The earlier RLI results show why the jump drew attention. At launch, Scale and CAIS said the best-performing agent, Manus, reached 2.5% Automation Rate, with other systems lower. The leaderboard's failure analysis said unsuccessful projects often broke down for practical reasons: low-quality outputs, incomplete deliverables, corrupt or incorrect files, and inconsistency across artifacts. Those are the failure modes that separate a polished demo from a finished piece of paid work.
Anthropic's release timing makes the score more than a benchmark story
The Fable result landed as Anthropic was bringing the model back online after a two-and-a-half-week access fight with the U.S. government. Anthropic launched Claude Fable 5 and Claude Mythos 5 on June 9, describing Fable as a Mythos-class model with safeguards for general use. On June 12, Anthropic said a U.S. export-control directive required it to suspend all access to Fable 5 and Mythos 5 for foreign nationals, and that the company disabled both models for all customers because it could not verify nationality in real time.

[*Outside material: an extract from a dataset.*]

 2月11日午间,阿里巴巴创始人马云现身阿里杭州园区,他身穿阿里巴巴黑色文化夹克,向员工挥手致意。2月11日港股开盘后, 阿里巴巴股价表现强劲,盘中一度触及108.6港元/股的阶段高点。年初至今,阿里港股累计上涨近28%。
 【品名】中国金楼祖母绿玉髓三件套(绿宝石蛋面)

Anthropic said on June 30 that the export controls had been lifted and that Fable 5 would be available globally starting July 1 across Claude Platform, Claude.ai, Claude Code, and Claude Cowork. The company also said the June 12 order followed a report in which Amazon researchers found a way to bypass Fable 5's safeguards and prompt the model to identify software vulnerabilities. Anthropic said it trained a new safety classifier that blocks the reported technique in more than 99% of cases, while acknowledging that the classifier would increase false positives during ordinary coding and debugging.
That context matters for the RLI score because Fable's benchmark lead is arriving at the same moment Anthropic is trying to prove two things at once: that its most capable widely available model can do commercially useful work, and that it can be governed without being pulled from the market. The first claim is measured in performance. The second is measured in access, pricing, false positives, enterprise trust, and government tolerance.

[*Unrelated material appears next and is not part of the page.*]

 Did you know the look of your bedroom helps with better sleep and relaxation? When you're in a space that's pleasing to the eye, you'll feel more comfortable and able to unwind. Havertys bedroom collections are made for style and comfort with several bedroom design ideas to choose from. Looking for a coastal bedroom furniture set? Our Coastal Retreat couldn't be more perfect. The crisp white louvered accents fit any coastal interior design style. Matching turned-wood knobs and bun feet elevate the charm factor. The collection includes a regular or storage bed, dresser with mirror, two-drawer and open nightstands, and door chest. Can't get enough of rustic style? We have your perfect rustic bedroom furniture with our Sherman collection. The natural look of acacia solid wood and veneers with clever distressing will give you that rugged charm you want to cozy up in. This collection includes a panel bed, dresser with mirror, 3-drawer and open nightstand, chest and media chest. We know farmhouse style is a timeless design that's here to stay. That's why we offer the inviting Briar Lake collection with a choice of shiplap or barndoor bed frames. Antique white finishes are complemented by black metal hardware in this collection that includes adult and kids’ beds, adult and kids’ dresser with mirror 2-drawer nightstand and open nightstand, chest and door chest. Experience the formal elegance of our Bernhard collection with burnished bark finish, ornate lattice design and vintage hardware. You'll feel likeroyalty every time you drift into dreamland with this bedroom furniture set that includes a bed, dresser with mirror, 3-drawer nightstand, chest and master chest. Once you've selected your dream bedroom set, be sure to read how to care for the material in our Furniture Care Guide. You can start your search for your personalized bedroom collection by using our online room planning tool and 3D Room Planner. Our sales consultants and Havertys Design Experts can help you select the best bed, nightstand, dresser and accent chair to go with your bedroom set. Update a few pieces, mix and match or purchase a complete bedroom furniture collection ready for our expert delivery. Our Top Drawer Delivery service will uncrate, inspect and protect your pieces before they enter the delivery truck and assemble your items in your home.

For founders and operators, the practical read is narrower than the social-media framing. Fable's RLI score is evidence that frontier agents are improving on messy project work that looks closer to actual freelance output than most benchmarks. It is not evidence that remote teams can swap out workers wholesale. The benchmark still shows failure on the large majority of projects, and the best result is partial because Fable was cut off before the full run finished.
The strategic read is stronger. RLI gives AI labs, employers, and policymakers a live scoreboard for a class of work that used to be discussed mostly through anecdotes. If Fable can clear roughly one in six real freelance-style projects on a benchmark whose previous leaders were clustered near the floor, the competitive question shifts from whether agents can occasionally complete paid work to which categories become reliably automatable first.
Scale's own leaderboard points to those pockets. Earlier RLI successes concentrated in audio tasks, image generation, report writing, and data retrieval. The broader dataset includes video, CAD, graphic design, game development, audio, architecture, product design, and a long tail of other work. That mix is why the next model gains will matter less as abstract percentages than as category-by-category changes in what customers stop hiring humans to do.
Fable 5 has not crossed that line at scale. But 16.10% on RLI is the first result on this benchmark that makes the floor look less stable.